## ACTIVITY
All lines at and after the one containing "Deepsea Erkek Bej", up to the end of the listing below, are to be printed exactly, with the pictures omitted.

START INPUT DATA

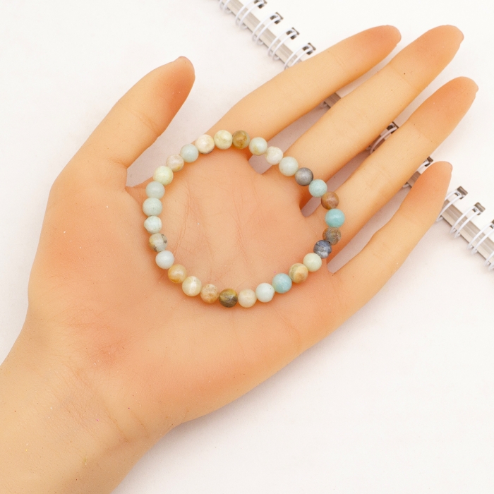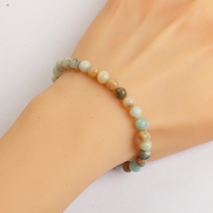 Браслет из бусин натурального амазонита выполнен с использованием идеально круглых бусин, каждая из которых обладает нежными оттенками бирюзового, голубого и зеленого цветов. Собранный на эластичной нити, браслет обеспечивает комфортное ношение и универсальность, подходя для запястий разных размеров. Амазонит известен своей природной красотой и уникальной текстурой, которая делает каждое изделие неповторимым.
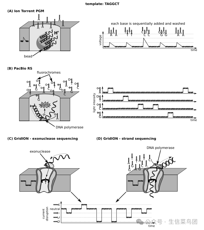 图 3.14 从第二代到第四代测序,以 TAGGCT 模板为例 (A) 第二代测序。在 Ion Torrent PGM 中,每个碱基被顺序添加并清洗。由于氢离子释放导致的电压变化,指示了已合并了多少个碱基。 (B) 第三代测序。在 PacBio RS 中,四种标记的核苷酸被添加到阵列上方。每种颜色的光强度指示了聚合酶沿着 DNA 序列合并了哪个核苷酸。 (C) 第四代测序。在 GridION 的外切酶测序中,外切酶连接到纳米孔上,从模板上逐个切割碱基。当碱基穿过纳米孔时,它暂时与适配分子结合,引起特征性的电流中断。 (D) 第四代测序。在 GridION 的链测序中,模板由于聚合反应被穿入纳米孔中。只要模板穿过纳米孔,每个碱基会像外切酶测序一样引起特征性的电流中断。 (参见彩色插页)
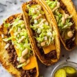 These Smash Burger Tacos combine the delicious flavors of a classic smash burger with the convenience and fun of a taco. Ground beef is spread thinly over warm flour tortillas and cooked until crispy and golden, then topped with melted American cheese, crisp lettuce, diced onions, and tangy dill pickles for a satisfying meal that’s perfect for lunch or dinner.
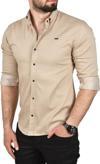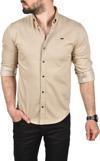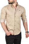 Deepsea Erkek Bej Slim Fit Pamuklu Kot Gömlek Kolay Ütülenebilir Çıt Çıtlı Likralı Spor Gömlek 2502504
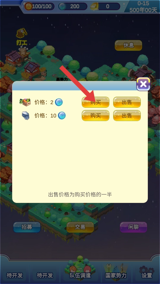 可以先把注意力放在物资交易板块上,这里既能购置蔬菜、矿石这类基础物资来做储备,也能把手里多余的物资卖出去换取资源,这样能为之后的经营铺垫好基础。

END INPUT DATA

## RESPONSE TO THE EXERCISE
 Deepsea Erkek Bej Slim Fit Pamuklu Kot Gömlek Kolay Ütülenebilir Çıt Çıtlı Likralı Spor Gömlek 2502504
 可以先把注意力放在物资交易板块上,这里既能购置蔬菜、矿石这类基础物资来做储备,也能把手里多余的物资卖出去换取资源,这样能为之后的经营铺垫好基础。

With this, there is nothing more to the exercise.